Jenkins turned to the EMTs. “You can take the woman to the morgue now. I’ll have forensics meet you there.” He leaned into the wreckage and shined his light on the dead boy’s open-mouthed face, which looked like a Frankenstein Halloween mask. “Damn,” Jenkins whispered.
“What?”
“Look at his skin,” Jenkins said. “And teeth. Another meth addict?”
Patrolman Cooper pointed his light at the face. “May be right.”
Jenkins stared. “Oh shit.”
“What?”
Jenkins pulled his head back through the buckled doorframe. “I know this kid.” He lowered his chin and pinched the bridge of his nose. Raindrops spattered on his head and shoulders. “Johnny Kruger. He played PAL ball for me. His father’s Bill Kruger, the state senator.”
“The Bill Kruger who’s been in the papers?”
“Yeah,” Jenkins said.
“How can a state senator’s kid be a meth addict?”
Jenkins had no answer.
“Hey,” Cooper said. “You think the woman could be the mystery blonde everybody’s talking about?”
Jenkins looked from one corpse to the other. “Good question. Damn good question.”
“Jenks.” Cooper stood ramrod straight, bringing his eyes up to Jenkins’s chin. “If it’s drugs, any chance of getting some undercover work on this?”
“Too soon to tell.” Jenkins flipped open his phone.
“Calling the Chief?”
“Nope,” Jenkins said. “Bill Kruger.”
* * *
Two hours later, Jenkins hung up his office phone, then frowned across back-to-back desks at Jack Kron, a tall, grumpy veteran whose plastic glasses had, as always, slid half-way down his nose. The police station was dark, except for their corner of the squad room.

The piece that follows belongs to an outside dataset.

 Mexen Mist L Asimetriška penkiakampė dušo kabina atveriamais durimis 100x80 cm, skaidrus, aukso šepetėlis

“That was the dead woman’s husband in Boston,” Jenkins said. “Will Pryzinski, the former Knick. Can you believe that?”
“Nick?”
“New York Knicks. Pro basketball.”
“I don’t follow basketball like you guys.” Kron grinned.

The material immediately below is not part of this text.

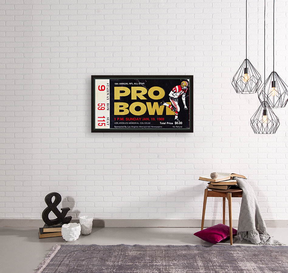 1969 Pro Bowl Football Ticket Art Wall Decor Frame
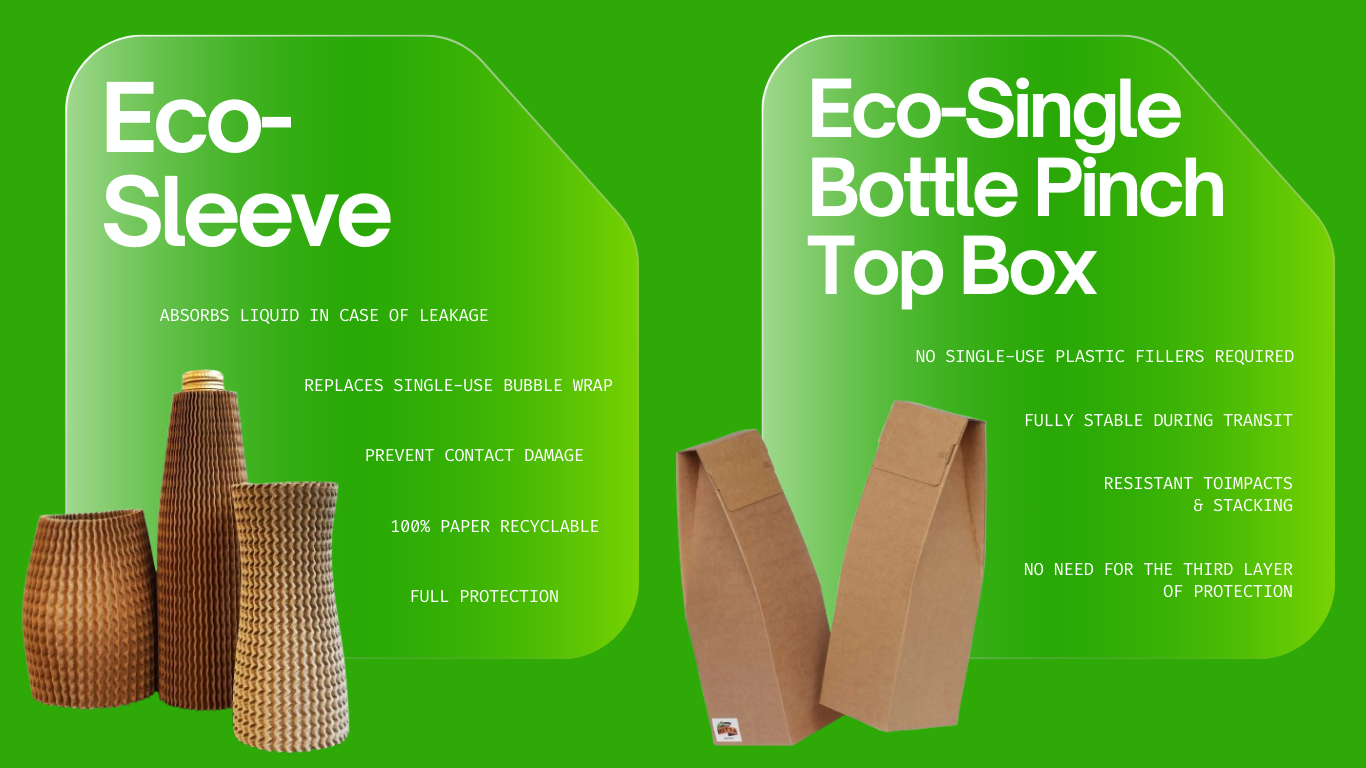 Design compact, single-use-plastic-free and shock-resistant packaging to guarantee the integrity of each bottle during shipment — even in case of accidental breakage.

“Pryzinski’s sending his daughter to make the ID—she’s closer, a student at Drew.”
“That’ll be a drag.”
“Don’t worry,” Jenkins said. “I’ll take it.”
“Thanks,” Kron said, visibly relieved. “Want me to bring in old man Kruger?”
“He already ID’ed his son at the scene.”
“Did you ask Kruger if he was boinking the dead woman?”
“Not in those words,” Jenkins said. “He was emphatic—he didn’t know anyone named Erika Pryzinski; I believed him. He also said his son wasn’t on meth. I didn’t believe that.”
“So, is it coincidence that the drugged-up son of a pathological womanizer rams a good-looking blonde?”
Jenkins, aware of Kron’s penchant to shoot-from-the-hip, shook his head. “We have nothing but the accident that ties them together.”
“Suppose the kid suspected, followed his father, saw them sneak off. When the woman leaves, the kid follows and rams her car.”
“Or more likely,” Jenkins said, “he was jacked up on meth and didn’t even know there was a car in front of him, much less whose car.” Jenkins stood. “Anyway, Will Pryzinski says his wife was driving back from their daughter’s college.”
“So? Maybe mom stopped for a Kruger-quickie on the way home.”
“Give it a rest, Jack.”
“Why else would she be off the interstate—heading toward Embassy Suites? We should check hotel registrations.”
“There’re a hundred more likely explanations.” Jenkins sighed. “I have to go meet the daughter at the morgue. Maybe she’ll enlighten us.”
“Ask her if she knows where our high school kids are getting the stuff.”
Jenkins’s frown deepened.
“Seriously, Jenks. We need a break. The mayor’s gonna freak over this.”
“I know,” Jenkins said. “Maybe with a high-profile vic, we’ll get the task force we need—now that the meth epidemic’s hitting home.”